If you know how to write functions in Excel, you know that Excel can easily calculate sums, averages, and counts across all values for one variable in a dataset. What’s more difficult to do is segment that variable into subgroups and calculate sums, average, and counts for each distinct subset. This is where pivot tables come in.

For example, say I did a survey on college students where one variable in my dataset lists year in school (a text value) and another variable contains Likert scale data (a 1-5 integer rating value). I want to know how many freshman, sophomores, juniors, and seniors there are in the dataset. A pivot table can do that. Another example would be calculating average Likert response value for each year-in-school. Or create a simple table with year-in-school as the rows, Likert value as the columns, and counts of responses as the table entries. Pivot tables can do these too. Basically, any time you want to group your data into subsets and run some simple summary statistics on those subsets, you want a pivot table.

The nice thing about Excel is that it has a little wizard for making pivot tables that, with practice, is fairly straightforward to use. (Note: I’m working in Excel 2016.) To get started, highlight the data you want to analyze, click “Insert/PivotTable”, and select where you want to put your data.

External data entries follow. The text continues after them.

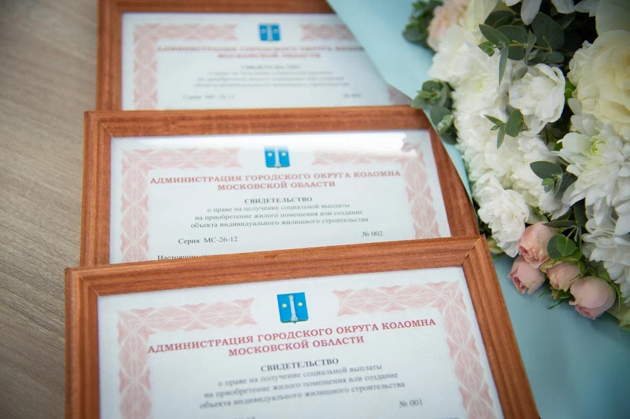 Три молодые коломенские семьи получили сертификаты на покупку жилья по государственной программе
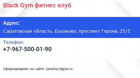 Black Gym, фитнес-клуб по адресу Саратовская область, Балаково, проспект Героев, 25/1 в дальнейшем Организация, размещена в следующих категориях:
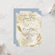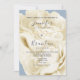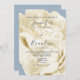 Elegant, boho, modern kalligrafi-manuset champagne guld och dammig blå bröllopsinbjudan med vackra guld-rep hjärta och ro blommor med abstrakt vattenfärg. Perfektens val för contemporaryns romantiska vår bröllop!
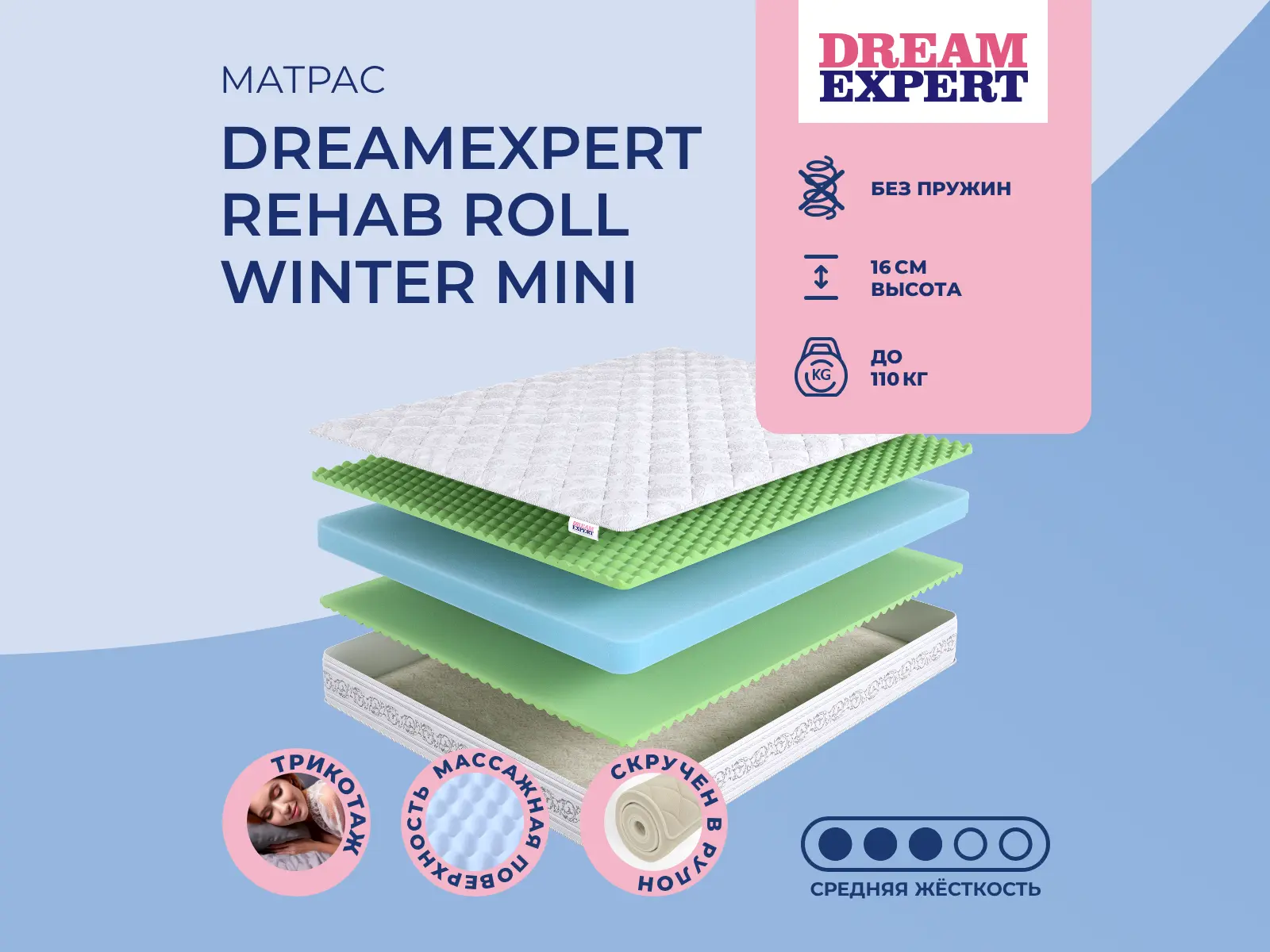 Матрас «DreamExpert Rehab Roll Winter Mini» — средней жесткости, которая комфортна большинству людей среднего телосложения. Это — оптимальный выбор и детям, и взрослым, и пожилым людям.

Insert menu for adding a pivot table in Excel

Doing this drops in an empty pivot table and opens the PivotTable wizard.

Pivot table wizard and empty pivot table

Let’s start with the example of getting counts of how many freshman, sophomores, juniors, and seniors there are in the dataset. Drag-and-drop the “Year in School” label from the top of the wizard (under “PivotTable Fields”) down to the “Rows” box at the bottom of the wizard; this will put a list of years into your pivot table but no data. Next drag the “Year in School” label from the top into the “Values” box at the bottom right of the wizard; this will add values to your table. Note that the standard Value defaults to count. Now you have the table you need!

Pivot table showing counts by year and wizard settings

[Exercise: how would you create a table displaying how many times the Likert values 1-5 appear in your dataset?]

In the next example, we’ll look at average Likert value by year-in-school. To remove the current count data, you can either: make a new pivot table, drag-and-drop variables out of the “Values” box, or click the arrow next to a variable in the “Values” box and select “Remove Field”. With “Year in School” in the “Rows” box, drag-and-drop “Likert Value” into the “Values” box. Again, the default is count, which isn’t what we want here. Click the arrow next to “Count of Likert Value” in the “Values” box and select “Value Field Settings…”; this opens up a menu where you can select different functions, one of which is “Average”. Change to average and now you have a table of Likert averages displayed by year-in-school!

Pivot table showing Likert averages by year and wizard settings

[Exercise: how would you calculate standard deviation of Likert values for each year-in-school? Can you display both average and standard deviation in the same table?]

Our final example will add columns to our table. Reset your table. Drag-and-drop “Year in School” to the “Rows” box in the wizard and “Likert Value” into the “Columns” box. Drag “Likert Value” into the “Values” to populate the count data. And now we have our table of response counts broken down by both year-in-school and Likert value. The pivot table also shows totals across both rows and columns, which is a handy check to see if the data looks right.

Pivot table showing use of columns and wizard settings

[Exercise: how would you re-arrange this table to show year-in-school as columns and Likert value as rows? Does this change the calculated counts?]

I’ll let you all play around with the PivotTable wizard further, but know that you can:

  • Filter your data to display only certain variable values (e.g. freshman and sophomores only)
  • Resort your table by data value (e.g. highest response counts are at the top of the table)
  • Do different calculations besides average and count
  • Create figures directly from pivot table data

Pivot tables are very powerful!

If you’ve never used pivot tables before, I hope this post shows you how useful they are and gives you enough information to get started making pivot tables of your own.